### Task to complete:
Print the lines from the one containing "All product details" through the end of the material below, both included, exactly as they appear and without pictures.

Provided information section start

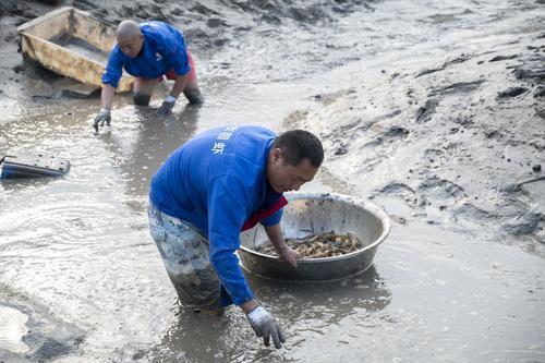 ▲玄滩镇稻虾养殖基地,工作人员在稻田里收虾。记者 何赛格 摄
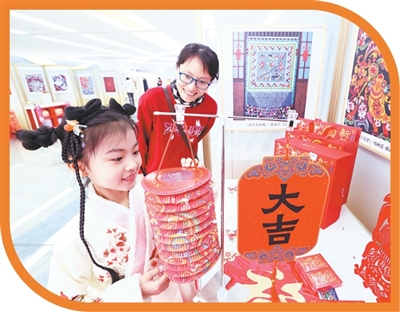 小朋友在北京奧運博物館新春系列活動上觀賞燈籠。
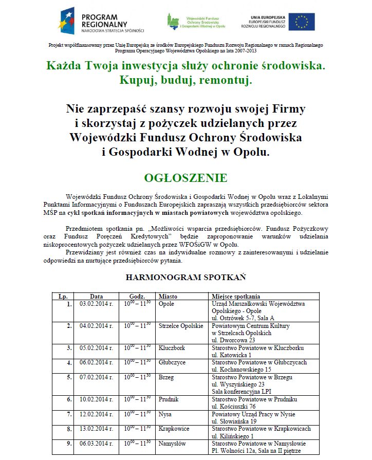 O pożyczkach z WFOŚiGW dla MSP - Namysłów 6 marca 2014
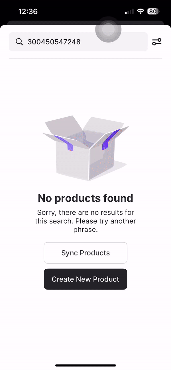 All product details can be managed directly within the VoriOS app, including bottle deposits, taxes, and departments. After logging into the VoriOS app, follow the instructions below to get started. Adding a product with a PLU or UPC-A barcode- Scan barcode or type in PLU in the Search bar.
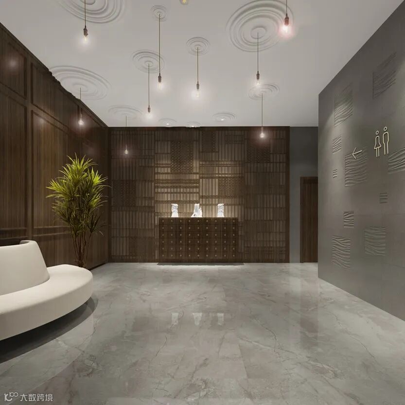 ∆ 二层过厅及宴会厅 | 竹笼造型与海浪造型灯饰

Provided information section end

### Expected output:
 All product details can be managed directly within the VoriOS app, including bottle deposits, taxes, and departments. After logging into the VoriOS app, follow the instructions below to get started. Adding a product with a PLU or UPC-A barcode- Scan barcode or type in PLU in the Search bar.
 ∆ 二层过厅及宴会厅 | 竹笼造型与海浪造型灯饰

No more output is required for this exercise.